Personally, I don't mind it too much if the generic typeclasses are
named using extremely accurate terms like Monoid, but saying that
someone should then look up the abstract math concept and try to map
this to something very concrete and simple such as a string seems like
wasted effort.
Usually when encountering something like "Monoid" (if I didn't already
know it), I'd look it up in the library docs. The problem I've had
with this tactic is twofold:
First, the docs for the typeclass usually don't give any practical
examples, so sometimes it's hard to be sure that the "append" in
"mappend" means what you think it means.
Second is that there appears to be no way to document an _instance_.

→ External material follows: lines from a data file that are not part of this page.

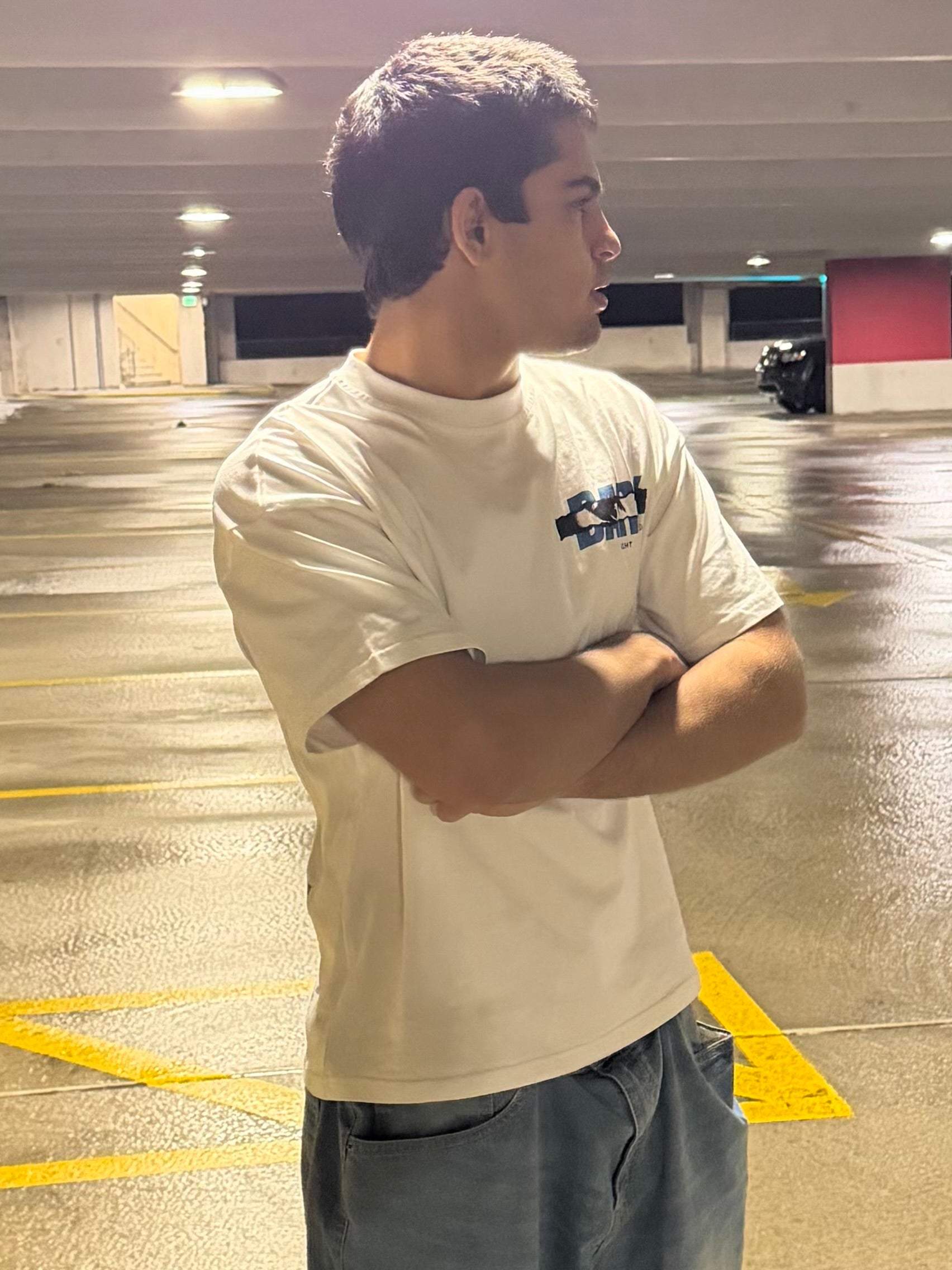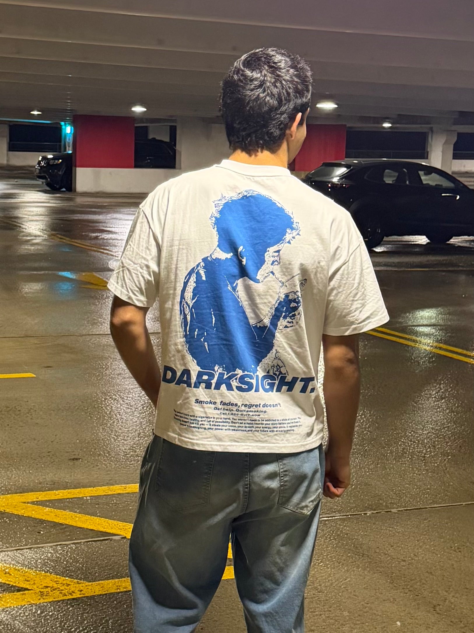Model is 5’10 165 wearing a small. White heavyweight t-shirt constructed from 100% cotton at 220 GSM. Oversized, boxy fit with a structured drape. Features a small distorted Darksight logo on the front and a bold blue smoking silhouette graphic on the back, anchored by the statement “SMOKE FADES. REGRET DOESN’T.” Designed to contrast purity with consequence. 10% of all sales from this drop will be donated to a donation center selected specifically for this release.
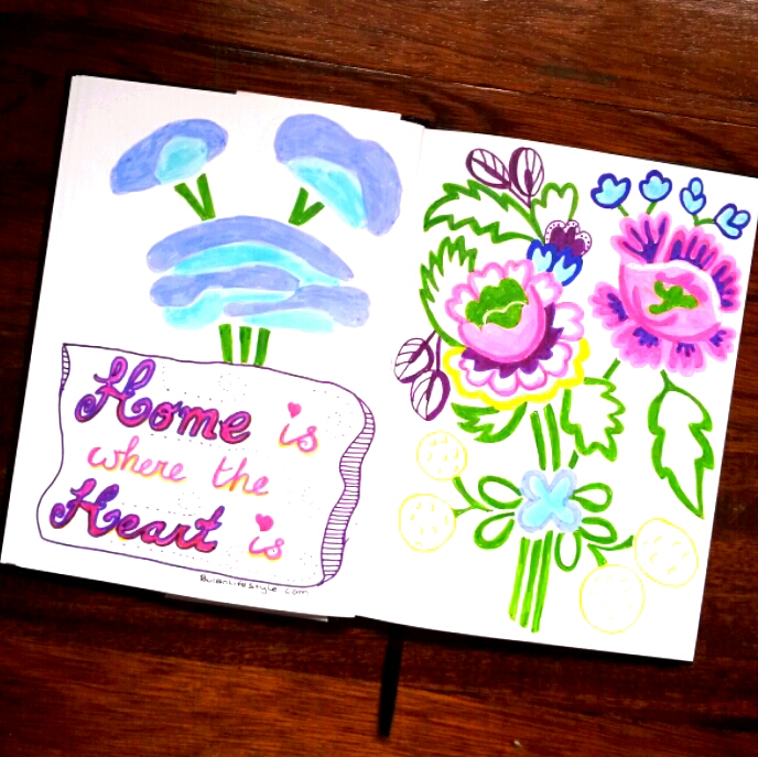 Todays sketch of the day in my art journal is inspired by a nonya antique rug design with the quote home is where the heart is ♡
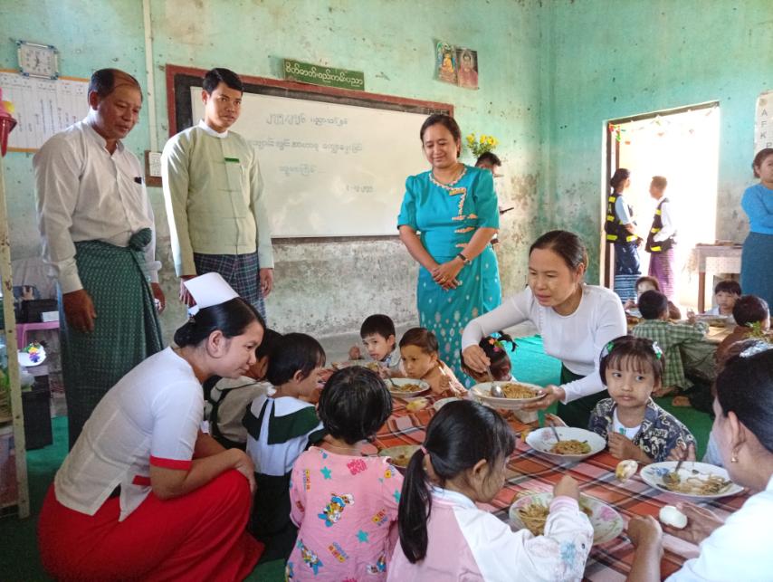 မြို့နယ်ပြည်သူ့ကျန်းမာရေးဌာနမှ ပဉ္ဓမအကြိမ်မြောက်အဖြစ် ဒီဇင်ဘာ ၁ ရက်နေ့မှ ၃ ရက်နေ့အထိ မြို့နယ်တွင်းရှိ အခြေခံပညာကျောင်း(၃၄၅)ကျောင်း၌ KG ကျောင်းသူ၊ ကျောင်းသားပေါင်း (၄၉၃၆) ဦးတို့အား ကျွေးမွေးခဲ့ရာ ကျောင်းသားကျောင်းသူများက အစာမစားမီ လက်ဆေးခြင်း၊ နေ့လည်စာတွင် အဏုအာဟာရမှုန့်များ ထည့်သွင်းအသုံးပြု၍ ကျွေးမွေးခြင်း၊ နေ့လယ်စာစားပြီးနောက် စနစ်မှန်သွားတိုက်ခြင်းတို့ကို ခရိုင်ပြည်သူ့ကျန်းမာရေးဦးစီးဌာနမှူး ဒေါက်တာနေခြည်ထက်ထက်လင်းအောင် ဦးဆောင်သော ကျန်းမာရေးဌာန ဝန်ထမ်းများက စနစ်တကျဆောင်ရွက်ပေးခဲ့ကြောင်း သိရသည်။
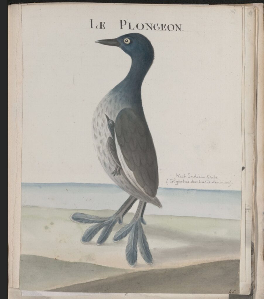 [8] “le plongeon femelle, cet oiseau a un grand amour pour ses petites, [writing trimmed] Elle les cache sous les ailes, en plonger avec ses petits, elle ne les abandon pas mesme dernyer de celle …,” inscription on verso, “Le Plongeon” in Original water-colour paintings on the natural history of St. Domingo, vol. 1, p. 35.
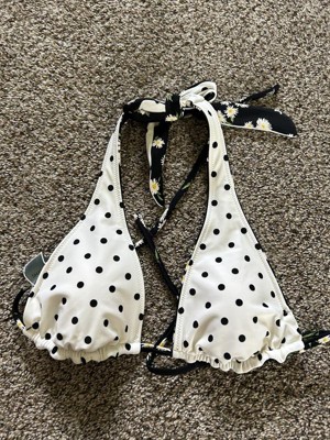 Very cute bikini top! Love the black with daisies and it’s reversible! White with black polka dots. My boyfriend loved it. Runs a bit small
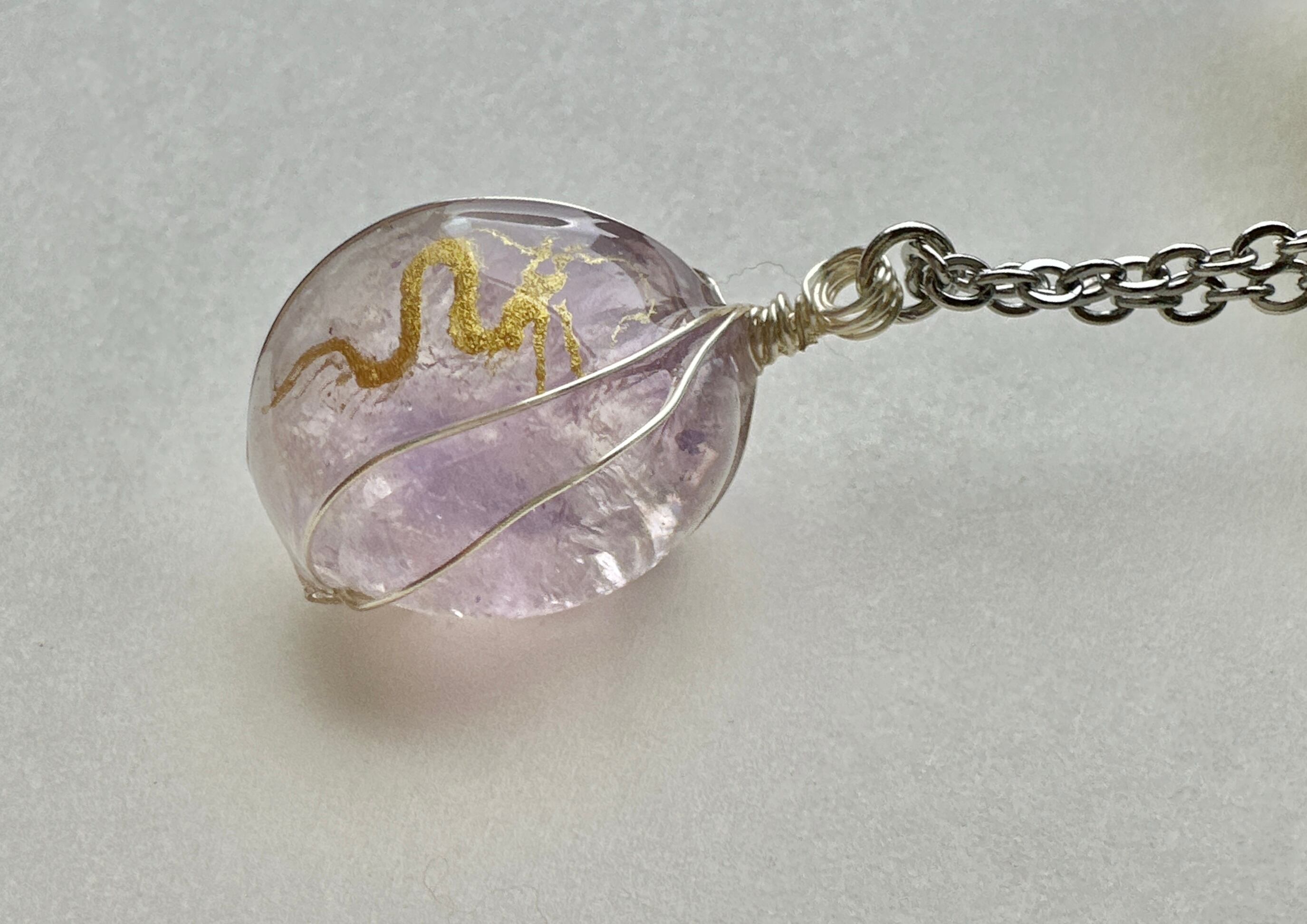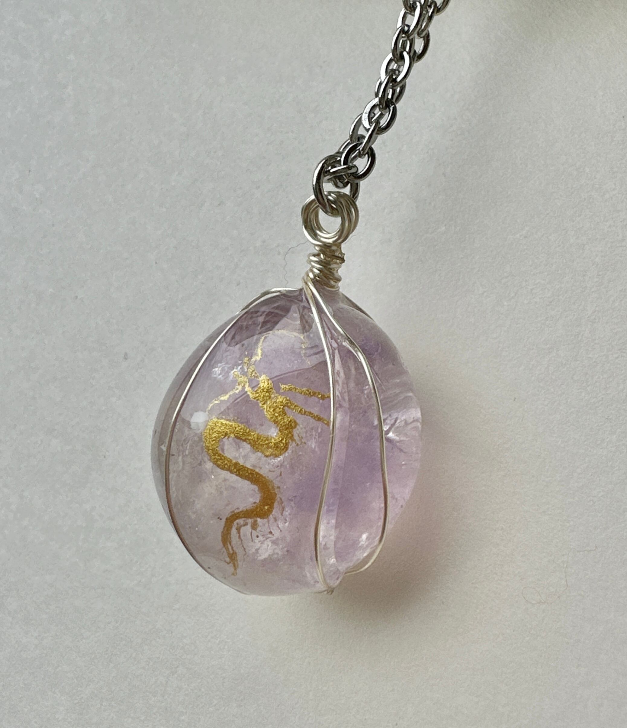 天然石 大 アメジスト(紫水晶) 金龍神 ワイヤーラッピングネックレス
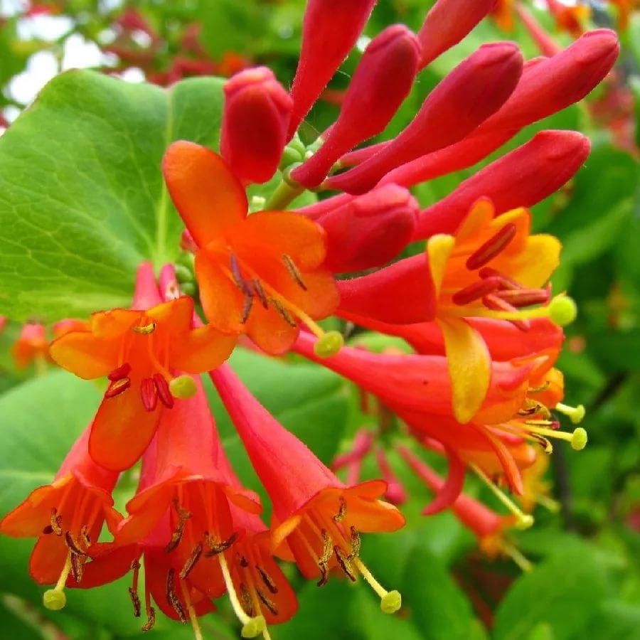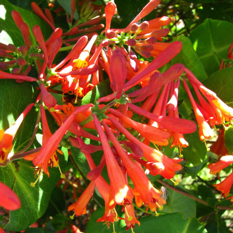 Саженцы жимолости Дропморе Скарлет (Dropmore Scarlet) вырастают слабовьющим кустиком около 2-3 м в высоту. Листва эллиптической формы, темно-зеленого тона, располагается супротивно друг другу. Верхние листочки имеют округлую форму и сросшиеся между собой вокруг стебля. Цветет трубчатыми цветочками ярко-оранжевого окраса с длинными тычинками в середине. Цветение собрано в небольшие пучки. Плюсы жимолости Дропморе Скарлет: - интересное цветение - высокая декоративность - нужен несложный уход Плоды ярко-красного цвета, округлой формы собраны в щитовидную форму. Несъедобные, но очень колоритно смотрятся.
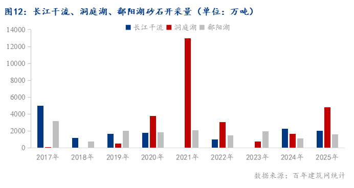 洞庭湖:湖南省規(guī)劃2023-2027年在洞庭湖采砂10億噸。2025年5月起,洞庭湖區(qū)域已有多個采砂區(qū)陸續(xù)投入生產(chǎn),共規(guī)劃26個開采區(qū),日開采總量約16萬噸。但截至6月中旬,受價格暴跌和庫存積壓影響,岳陽、常德等8個采區(qū)因銷售困難已主動暫停開采。此外,常德市鼎城區(qū)澧水河道砂石開采區(qū)2024-2025年度開采量計劃為2500萬噸,開采期為2024年12月3日至2025年12月2日。綜合來看,雖暫無全年總開采量的確切數(shù)據(jù),但按日開采量16萬噸估算,若正常開采,全年開采量可達(dá)5840萬噸左右,不過考慮到部分采區(qū)停產(chǎn)等因素,實際開采量會低于此數(shù)值。
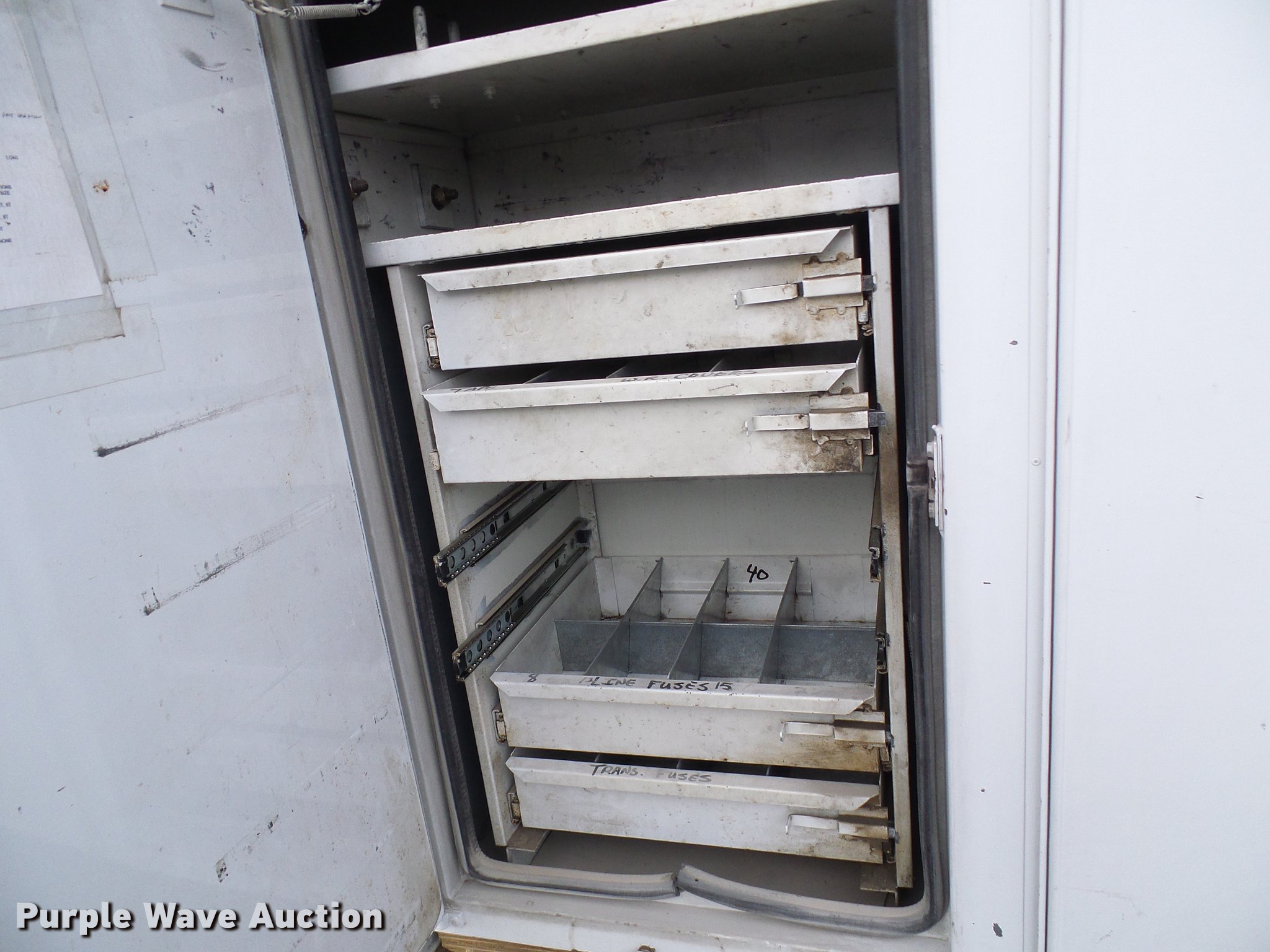 2003 Freightliner Business Class M2 bucket truck. 132,950 miles on odometer, 14,868 hours on meter, Caterpillar 3126 7.2L L6 turbo diesel engine, Automatic transmission, Single axle, AC and heat, AM/FM, Suspension seat, Backup camera, PTO, Beacon light, Front tow hooks, Alec utility bed 15'L, Shelving, Slide-out drawers, Serial 37-75934, Altec AM855 boom 700 lbs maximum lift capacity, 55' maximum lift height, 2,000 lbs maximum jib capacity, Man basket Ground and platform controls, Boom rotation, Articulating, insulated boom, Rope material handler, (4) outriggers, Serial 1002BB3105, Certification valid through November 2019, Single fuel tank, Pintle hitch, Trailer wiring, Spring suspension, Air brakes, 315/80R22.5 front tires, 11R22.5 rear tires, GVWR 35,000 lbs. Missouri title. 1FVABXAK23HK86578. Boone Electric Cooperative. 1413 Rangeline St. Columbia, MO 65205

It would be really handy if there were even a single line under
"Instances > Monoid ([] a)" that explained how the type class was
implemented for the list type. As it is, if you know what a Monoid is
already, it's easy to figure out how it would be implemented. If you
don't, you're either stuck reading a bunch of pages on the generic
math term monoid and then finally realizing that it means
"appendable" (and other similar things), or grovelling through the
library source code seeing how the instance is implemented.
My 2 cents,
-Ross
On Jan 15, 2009, at 11:36 AM, Lennart Augustsson wrote:
Most people don't understand pure functional programming either. Does
that mean we should introduce unrestricted side effects in Haskell?
-- Lennart
On Thu, Jan 15, 2009 at 4:22 PM, Thomas DuBuisson
<thomas.dubuis...@gmail.com> wrote:
On Thu, Jan 15, 2009 at 4:12 PM, Sittampalam, Ganesh
<ganesh.sittampa...@credit-suisse.com> wrote:
Lennart Augustsson wrote:
I have replied on his blog, but I'll repeat the gist of it here.
Why is there a fear of using existing terminology that is exact?
Why do people want to invent new words when there are already
existing ones with the exact meaning that you want? If I see
Monoid I
know what it is, if I didn't know I could just look on Wikipedia.
If I see Appendable I can guess what it might be, but exactly what
does it mean?
I would suggest that having to look things up slows people down
and might distract them from learning other, perhaps more useful,
things about the language.
Exactly. For example, the entry for monoid on Wikipedia starts:
"In abstract algebra, a branch of mathematics, a monoid is an
algebraic structure with a single, associative binary operation and
an
identity element."
I've had some set theory, but most programmers I know have not.